Collective Knowledge framework (CK)
News
-
2022 May: Grigori Fursin started prototyping the new Collective Mind framework within the MLCommons Task Force on Automation and Reproducibility from scratch based on the feedback from the users and MLCommons members.
-
2022 April 3: We presented the CK concept to bridge the growing gap between ML Systems research and production at the HPCA'22 workshop on benchmarking deep learning systems.
-
2022 March: We presented the CK concept to enable collaborative and reproducible ML Systems R&D at the SIAM'22 workshop on "Research Challenges and Opportunities within Software Productivity, Sustainability, and Reproducibility"
-
2022 March: we've released the first prototype of the Collective Mind toolkit (CK2) based on your feedback and our practical experience reproducing 150+ ML and Systems papers and validating them in the real world.
Motivation
While Machine Learning is becoming more and more important in everyday life, designing efficient ML Systems and deploying them in the real world is becoming increasingly challenging, time consuming and costly. Researchers and engineers must keep pace with rapidly evolving software stacks and a Cambrian explosion of hardware platforms from the cloud to the edge.

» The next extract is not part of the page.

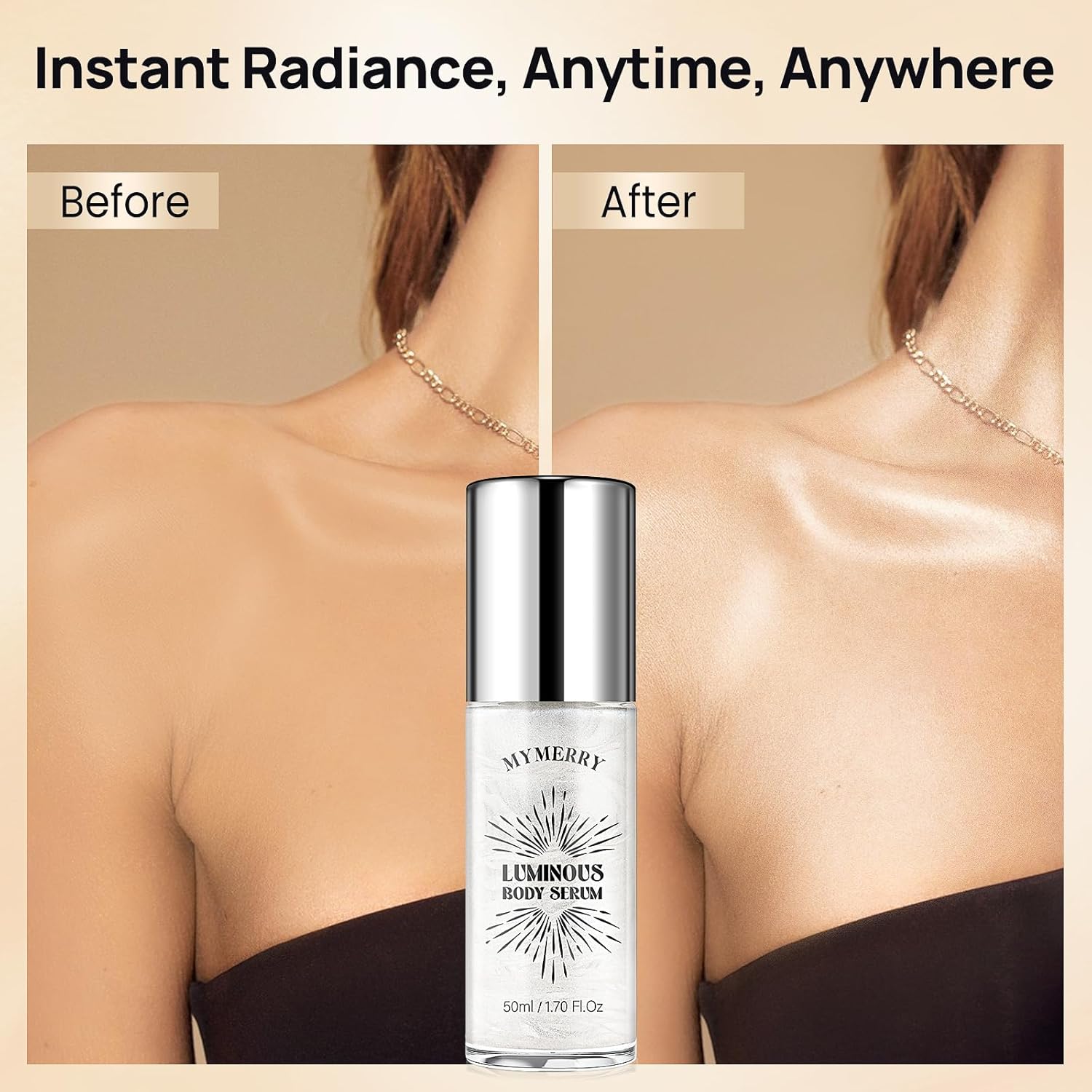 - ✨ RADIANT GLOW ALL DAY: MYMERRY body shimmer oil achieving a sun-kissed radiance anytime. This lightweight formula delivers a soft shimmer under natural light, enhancing your skin's beauty. With continued use, it helps brighten and even out skin tone for a more luminous, healthy look.

Such platforms have their own specific libraries, frameworks, APIs and specifications and often require repetitive, tedious and ad-hoc optimization of the whole model/software/hardware stack to trade off accuracy, latency, throughout, power consumption, size and costs depending on user requirements and constraints.
The CK framework
The Collective Knowledge framework (CK) is our attempt to develop a common plug&play infrastructure that can be used by the community similar to Wikipedia to learn how to solve above challenges and make it easier to co-design, benchmark, optimize and deploy Machine Learning Systems in the real world across continuously evolving software, hardware and data sets (see our ACM TechTalk for more details):
-
CK aims at providing a simple playground with minimal software dependencies to help researchers and practitioners share their knowledge in the form of reusable automation recipes with a unified Python API, CLI and meta description:
-
CK helps to organize software projects and Git repositories as a database of above automation recipes and related artifacts based on FAIR principles as described in our journal article (shorter pre-print). See examples of CK-compatible GitHub repositories:
Community developments
We collaborated with the community to reproduce 150+ ML and Systems papers and implement the following reusable automation recipes in the CK format:
-
Portable meta package manager to automatically detect, install or rebuild various ML artifacts (ML models, data sets, frameworks, libraries, etc) across different platform and operating systems including Linux, Windows, MacOS and Android:
-
Portable manager for Python virtual environments: CK repo.
-
Portable workflows to support collaborative, reproducible and cross-platform benchmarking:
-
Portable workflows to automate MLPerf™ benchmark:
- End-to-end submission suite used by multiple organizations to automate the submission of MLPerf inference benchmark
- MLPerf inference v1.1 results: MLCommons press-release, Datacenter results, Edge results
- Reproducibility studies for MLPerf inference benchmark v1.1 automated by CK
- Design space exploration of ML/SW/HW stacks and customizable visualization
- End-to-end submission suite used by multiple organizations to automate the submission of MLPerf inference benchmark
Please contact Grigori Fursin if you are interested to join this community effort!
Tutorials
- CK automations for unified benchmarking
- CK-based MLPerf inference benchmark automation example
- CK basics
Releases
Stable versions
The latest version of the CK automation suite supported by MLCommons™:
Current projects
- Automating MLPerf(tm) inference benchmark and packing ML models, data sets and frameworks as CK components with a unified API and meta description
- Developing customizable dashboards for MLPerf™ to help end-users select ML/SW/HW stacks on a Pareto frontier: aggregated MLPerf™ results
- Providing a common format to share artifacts at ML, systems and other conferences: video, Artifact Evaluation
- Redesigning CK together with the community based on user feedback: incubator
- Other real-world use cases from MLPerf™, Qualcomm, Arm, General Motors, IBM, the Raspberry Pi foundation, ACM and other great partners;
Documentation
Installation
Follow this guide to install CK framework on your platform.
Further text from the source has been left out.